Obama’s State of the Union speech is tonight. Reflecting on the past year, I find it has been a year of recovery. States, individuals, businesses, and organizations have been dramatically impacted by the economy. What has happened in the U.S. has had resounding ripple effects around the world and fortunately for some, some countries are in better shape than we are here. So if last year’s theme was recovery, what should we look forward to in 2010? We will find in some cases it will be more of the same. Recovery won’t happen simultaneously in all sectors. In fact, some areas may face more hardships before truly embarking on recovery. And sometimes the road will be bumpy. Yet, these things are important: that we do our best to get it right — with caring, with competence, and with an eye on the future and guidance from the past.

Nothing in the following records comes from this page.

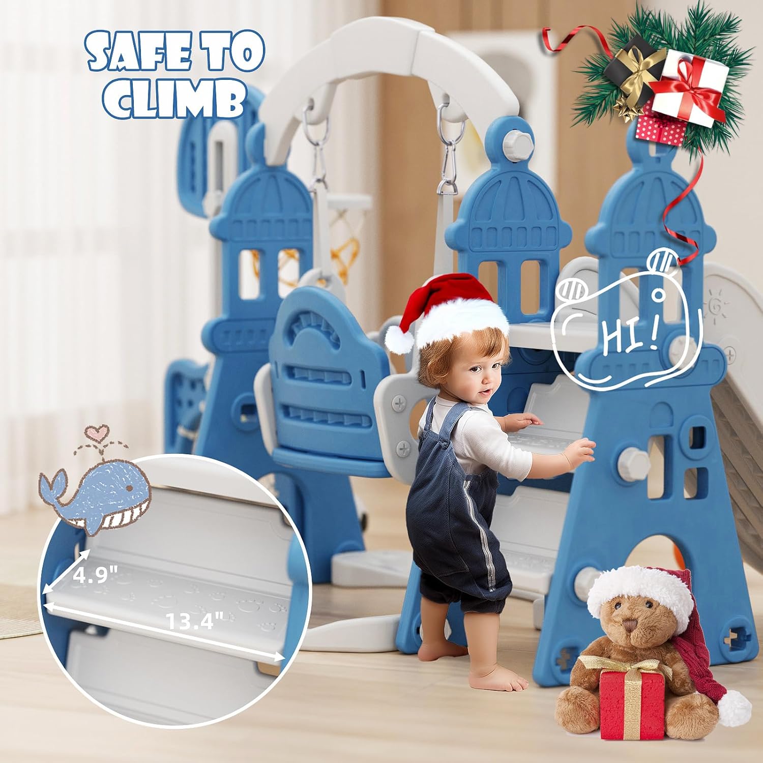 Toddler Playground :This toddler swing set has easy to climb steps and an ultra long 53.9-inch gentle slope slide, it can improve children’s physical coordination and develop their motor skills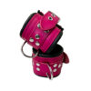 Pink schwarze hochwertige Lederhandfesseln aus robustem Rindsleder. Von innen sind diese Lederfesseln mit weichem Nappaleder gepolstert, die Kanten sind umgenäht und bieten einen hohen Tragekomfort.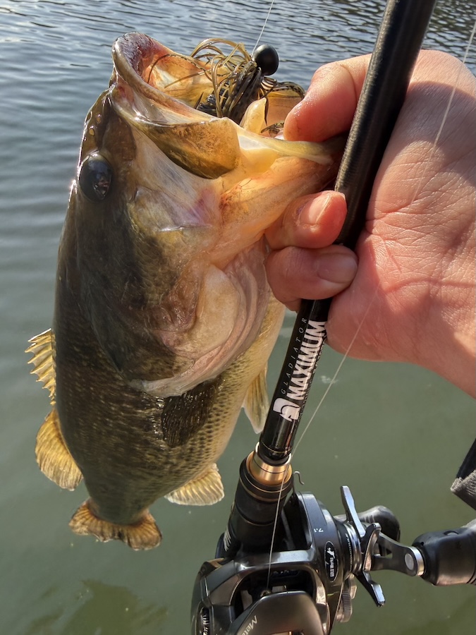 カバーや水中に木が沈んでいるスポットは騙しやすいので角度を変えながら細かくしつこめに狙いました。
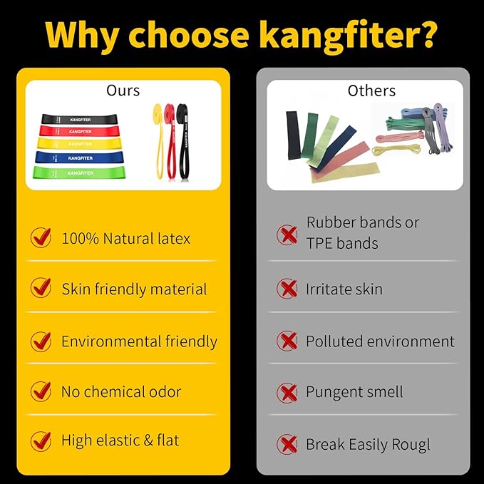 - 【100% Natural Latex】: KANGFITER assistance bands are made of 100% natural latex, non-toxic, no odor and non-slip. Resistance bands are safe and durable, anti-roll and anti-tear, and can maintain high elasticity even after long-term exercise. You can use it with peace of mind and focus better on your training.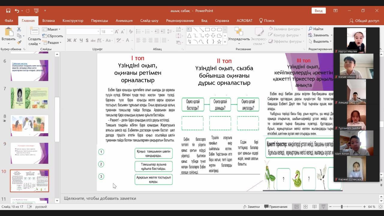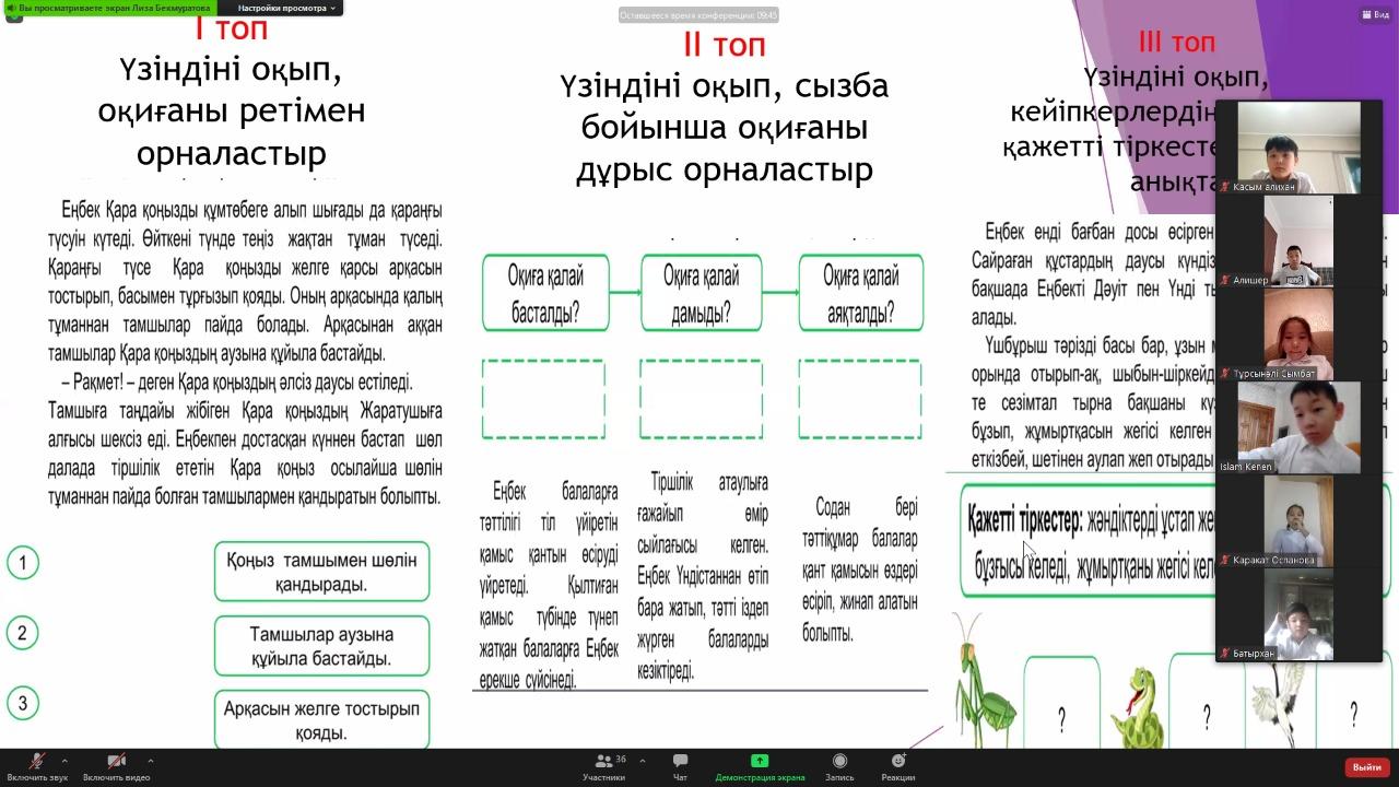 Бастауыш сынып әдістеме бірлестігінің өтіп жатқан онкүндігінің үшінші күнін 4"Ә" сынып жетекшісі және бастауыш сынып мұғалімі Бекмуратова Лиза Абдималиковна әдебиеттік оқу пәнінен "Тіршілік көзі еңбекте"деген тақырыпта ашық сабағымен жалғады. Сабақты зум флотформасында өткізіп, әр түрлі әдіс -тәсілдерді қолдана отырып,балалардың қызығушылығын арттыру мақсатында жаңа технологиялар мен әдіс -тәсілдерін қолданды.Сабақ жоғарғы дәрежеде өтті.

In education, we have historic opportunities to recreate and reinvent. NCLB does need to be overhauled and ARRA and Race to the Top offer tremendous opportunities for schools. While in India, as an Assistant Principal of a small school, I found that I could initiate change and implement policies without the burden of layers of bureaucracy. As with small, start-up businesses, this allowed me to be nimble. We moved quickly towards student-driven instruction and individual plans for students as adjustments were made in curriculum and instruction to find a better match between student skills and needs and school expectations. I worked closely with teachers to help them gain confidence and to learn to trust that establishing a good educational foundation would help students advance their knowledge and skills. This wasn’t always easy — some of it seems counterintuitive. The end goal: excellent education and good scores on Cambridge exams demanded an aggressive approach to learning. However, there are times when simply pushing students and teachers creates frustration and confusion. I conveyed that we must trust that time would not move in a linear fashion, but rather that by slowing down (and attending to basics) right now that we would move ahead more quickly later.
The opportunity educators face in 2010 is to expand our vision, to move towards refining our instructional approaches, and to continue to correct injustices, our false starts, and imperfections. To me it is not about creating a “one size fits all education” but rather about helping teachers customize educational experiences so that youth are fully engaged and responsive. It means tuning into and listening to students — actually hearing beyond their words and actions — to reflect on the gestalt, even as we handle the day to day situations that arise.
In this era, in 2010, as we work to improve assessments, we have an opportunity to improve instruction, to help youth reach a deeper understanding, and to engage with many in an exciting journey as we move forward. While states, commissions, educational consortia, researchers, and administrators may not be able to be as nimble as I was in India, we do have an opporunity to reflect, to do our part not to be a part of the educational problem, to uphold and promote visions, and to serve youth by bringing our best to the table.